Film is a child; full of potential and yet utterly helpless and destined to die without your intimate care, vigilant eye, and tireless guidance. It just doesn’t end. Even when you think it has, it just plain hasn’t. It’s hungry all the time. Crying, seemingly for no good reason and often for very good reasons. Its needs are boundless, in both a rudimentary and an existential way. Even when it’s fully grown, you’ve done your job, it’s out the door, found a home of it’s own… it still knows that you are the only one that will never truly abandon it, whether it soars or fails, you are its mother.

On set and in the edit bay, as the apparent adult in this situation, you peer into your monitor and think you are watching it, but truly, it is watching you. You may feel like you are sculpting it, moment by moment, decision after decision, changing it, but really, it is changing you. The same passion, limitations and unwavering determination that you show it, it shows you. There is nowhere to hide. It is very much alive, sometimes as your most intimate friend, always a valiant adversary, and quite possibly a road to redemption.

The sacrifices of making a film are clear and quantifiable. Your life is no longer your own. You are now in service of and responsible to something greater than yourself, something that will think nothing of stripping you to your core, emotionally, spiritually, mentally and physically. What you sacrifice is your nervous system,  your sleep, your looks (I was much hotter when all this began) and definitely your social and personal life.

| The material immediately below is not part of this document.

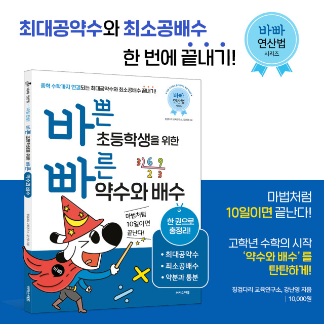 이지스에듀가 ‘바쁜 초등학생을 위한 빠른 약수와 배수(이하 바빠 약수와 배수)’를 출간했다. 고학년 수학의 70%는 분모가 다른 분수를 활용한 문제이다. 해당 계산 문제를 잘 풀기 위해서는 '약수와 배수'의 개념을 완벽하게 이해하고, 최대공약수와 최소공배수의 활용 문제까지 정확하게 풀어낼 수 있어야 한다.
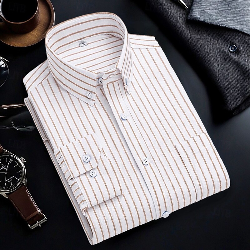 Men's Dress Shirt Button Down Shirt Oxford Shirt Non Iron Shirt Striped Shirt Plaid / Striped / Chevron / Round Wedding Office & Career Light Blue White Navy Blue Royal Blue Long Sleeve Shirt Collar 25

Everything else that is not your film just goes into soft focus, like a beautiful long lens shot. Everything is still there, but not. The hope is that you can still find those things when you emerge. But the tricky bit is that nothing stays the same and you yourself emerge as a different person. So, you find yourself a stranger in a strange land. But never having felt so at home to begin with, I can accept that cost. Besides, one of the byproducts of coming out the other end of making a film is that you somehow feel invincible, like insane enough to go do it again. I guess the thinking is, beat the postpartum/empty nest with a nice dose of pregnancy. And of course, that requires sex, of some sort. A sexy idea, one that turns you on and keeps you up at night. One that won’t let you sleep because it needs to be given life and bouncing around in your small head just won’t do. It requires a screen, a big one, and you’re just the person it had in mind to get it there.